Goal of the exercise: Copy without pictures. Please restate each line of the listing exactly.
---------- Exercise data
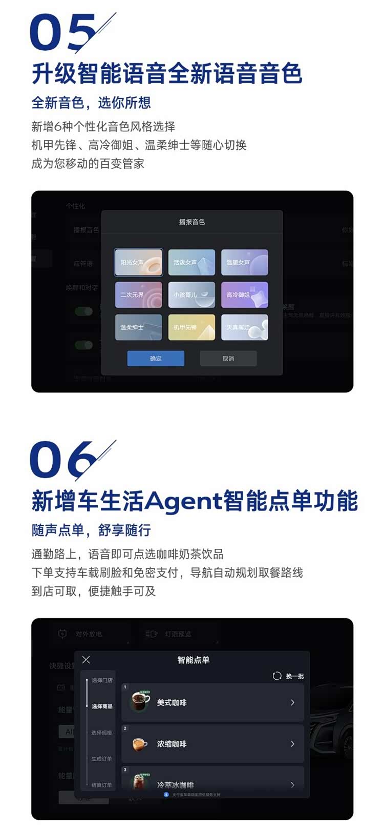 除了让驾驶更安全、轻松,此次OTA在智能交互与生活便利性上也带来了多项全新功能。新增的智能语音全新语音音色,机甲先锋、高冷御姐等6种个性化音色随心切换,满足不同用户的个性化偏好,让语音助手成为移动的百变管家。全新的车生活Agent智能点单功能,让用户在通勤路上即可通过语音轻松点选咖啡奶茶饮品,系统将自动完成下单、支付并规划取餐路线,实现到店即取。
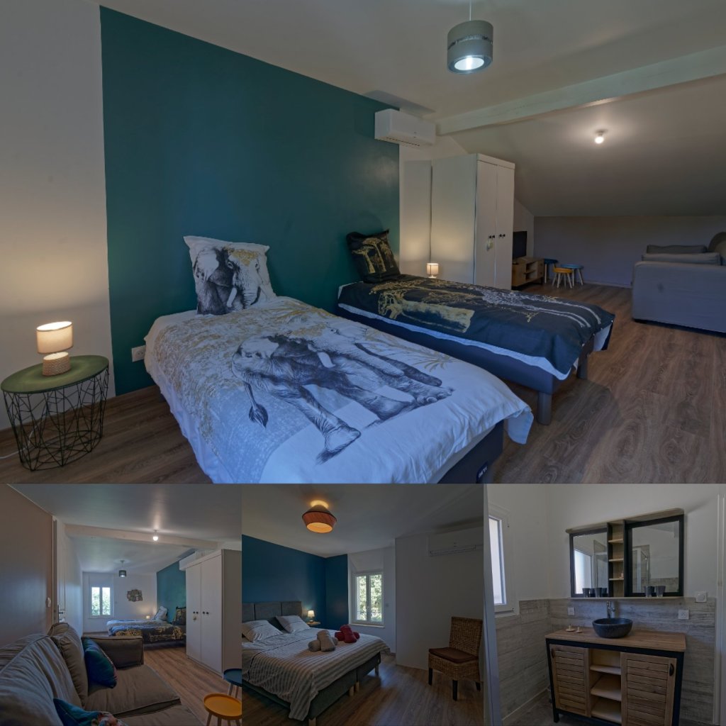 À l’étage vous y trouverez deux chambres une avec un lit double et une seconde avec deux lits simples pouvant se coller, un canapé et une salle de bain !
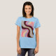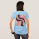 Das ist ein digitales Kunstbild mit einem wirbelnden Muster in den Farben Bordeaux, Rosa und Blassgelb. Das Design erzeugt einen Spiraleffekt mit einem strukturierten Aussehen an den Kanten. Die Farbpalette wechselt von der Bordeaux in der Mitte zu sanften rosa Farbtönen an den äußeren Rändern mit blassgelben Akzenten. Die Textur hat eine graue, künstlerische Qualität. Das Muster ist abstrakt und fließend, die Farben werden in kreisförmiger Bewegung gemischt und gedreht. Der Hintergrund hat eine Textur, die Tiefe und visuelles Interesse verleiht. Die Komposition ist ein digitales Bild mit einer weichen, ätherischen Qualität. Das Bild befindet sich auf der Vorder- und Rückseite des T - Shirt. Der T - Shirt ist ein hellblauer T - Shirt für Frauen.
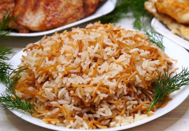 Удивительный рецепт подсмотрели в знаменитом турецком ресторане. Такой гарнир, пилав с вермишелью, подойдет вообще к любому блюду, да и готовится он, что называется лениво. Продуктов нужно для пилава совсем немного. Вермишели 100 граммов, риса граммов 200, воды 400 миллилитров, соли половину чайной ложки, сливочного масла 40 граммов.
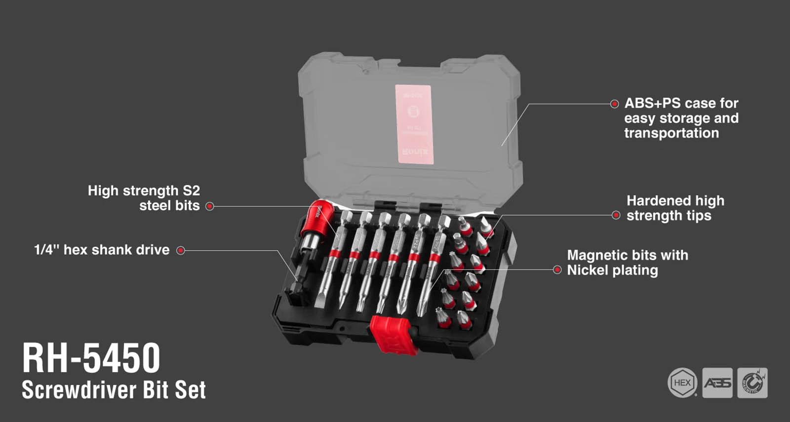 Ronix Rh-5450 screwdriver bit set is a handy and functional accessory that comes with your help in many screw-driving tasks. The collection contains 19 pieces of screwdriver bits with S2 steel material.
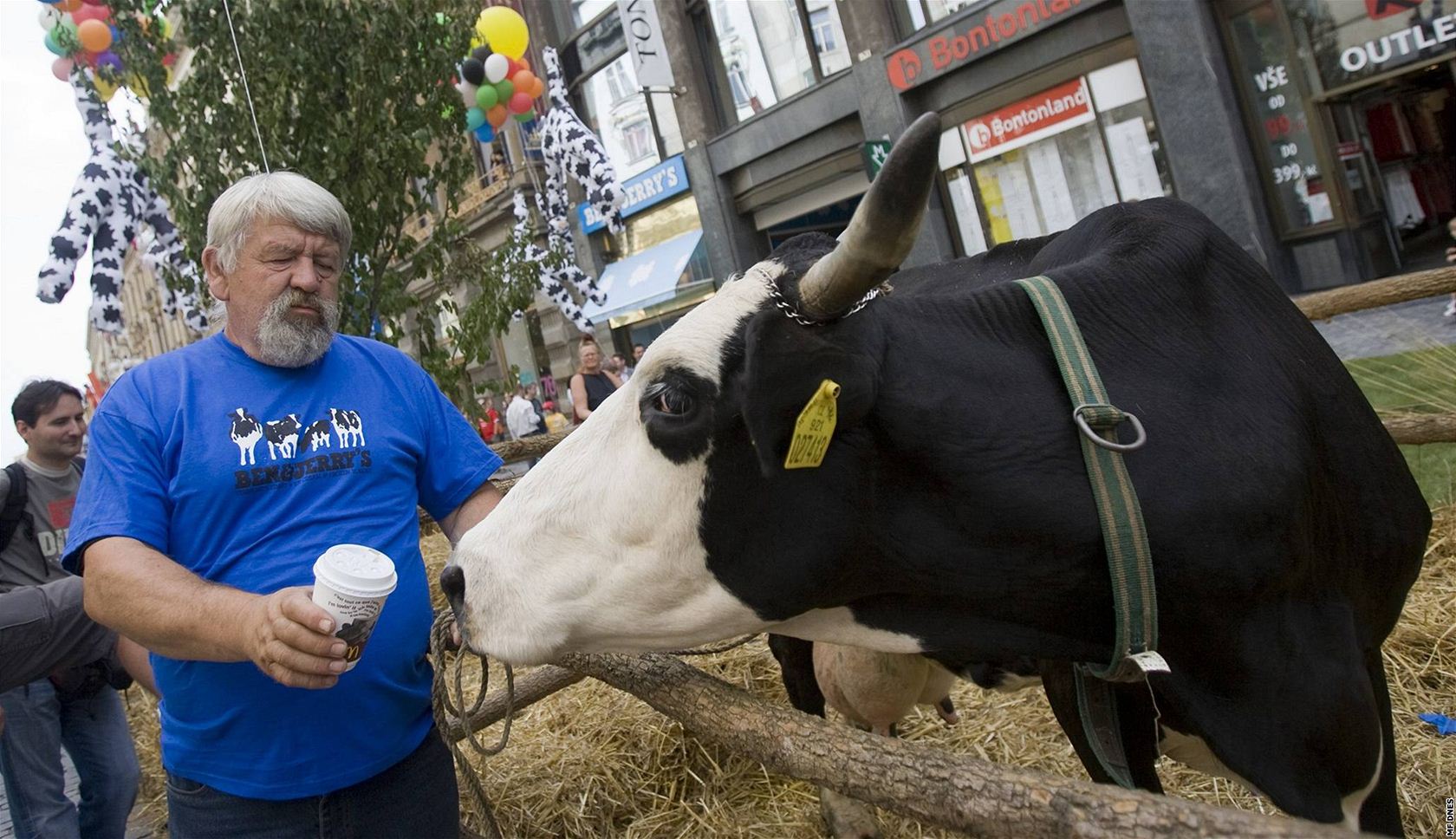 Slavnostní otevření vzbudilo v centru metropole rozruch - před stánkem vyrostl palouk s ohradou, ve které odfukovala živá kráva obklopená balíky sena. Široko daleko se rozléhalo bučení krav z reproduktorů. Firma tak chtěla zdůraznit svou image, že si zakládá na šetrnosti k životnímu prostředí.
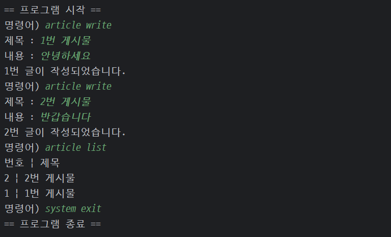 - 게시물을 작성하고 나서 해당 정보들을 리스트에 저장하는 순서이기 때문에 'article write' 명령어가 이루어지는 곳에 새로운 article 객체를 만들어준다. 이 때, 생성자 매개변수에 맞게 인자를 작성해주면 된다. [Article article = new article(id, title, body)]
--------------------
Expected answer:
 除了让驾驶更安全、轻松,此次OTA在智能交互与生活便利性上也带来了多项全新功能。新增的智能语音全新语音音色,机甲先锋、高冷御姐等6种个性化音色随心切换,满足不同用户的个性化偏好,让语音助手成为移动的百变管家。全新的车生活Agent智能点单功能,让用户在通勤路上即可通过语音轻松点选咖啡奶茶饮品,系统将自动完成下单、支付并规划取餐路线,实现到店即取。
 À l’étage vous y trouverez deux chambres une avec un lit double et une seconde avec deux lits simples pouvant se coller, un canapé et une salle de bain !
 Das ist ein digitales Kunstbild mit einem wirbelnden Muster in den Farben Bordeaux, Rosa und Blassgelb. Das Design erzeugt einen Spiraleffekt mit einem strukturierten Aussehen an den Kanten. Die Farbpalette wechselt von der Bordeaux in der Mitte zu sanften rosa Farbtönen an den äußeren Rändern mit blassgelben Akzenten. Die Textur hat eine graue, künstlerische Qualität. Das Muster ist abstrakt und fließend, die Farben werden in kreisförmiger Bewegung gemischt und gedreht. Der Hintergrund hat eine Textur, die Tiefe und visuelles Interesse verleiht. Die Komposition ist ein digitales Bild mit einer weichen, ätherischen Qualität. Das Bild befindet sich auf der Vorder- und Rückseite des T - Shirt. Der T - Shirt ist ein hellblauer T - Shirt für Frauen.
 Удивительный рецепт подсмотрели в знаменитом турецком ресторане. Такой гарнир, пилав с вермишелью, подойдет вообще к любому блюду, да и готовится он, что называется лениво. Продуктов нужно для пилава совсем немного. Вермишели 100 граммов, риса граммов 200, воды 400 миллилитров, соли половину чайной ложки, сливочного масла 40 граммов.
 Ronix Rh-5450 screwdriver bit set is a handy and functional accessory that comes with your help in many screw-driving tasks. The collection contains 19 pieces of screwdriver bits with S2 steel material.
 Slavnostní otevření vzbudilo v centru metropole rozruch - před stánkem vyrostl palouk s ohradou, ve které odfukovala živá kráva obklopená balíky sena. Široko daleko se rozléhalo bučení krav z reproduktorů. Firma tak chtěla zdůraznit svou image, že si zakládá na šetrnosti k životnímu prostředí.
 - 게시물을 작성하고 나서 해당 정보들을 리스트에 저장하는 순서이기 때문에 'article write' 명령어가 이루어지는 곳에 새로운 article 객체를 만들어준다. 이 때, 생성자 매개변수에 맞게 인자를 작성해주면 된다. [Article article = new article(id, title, body)]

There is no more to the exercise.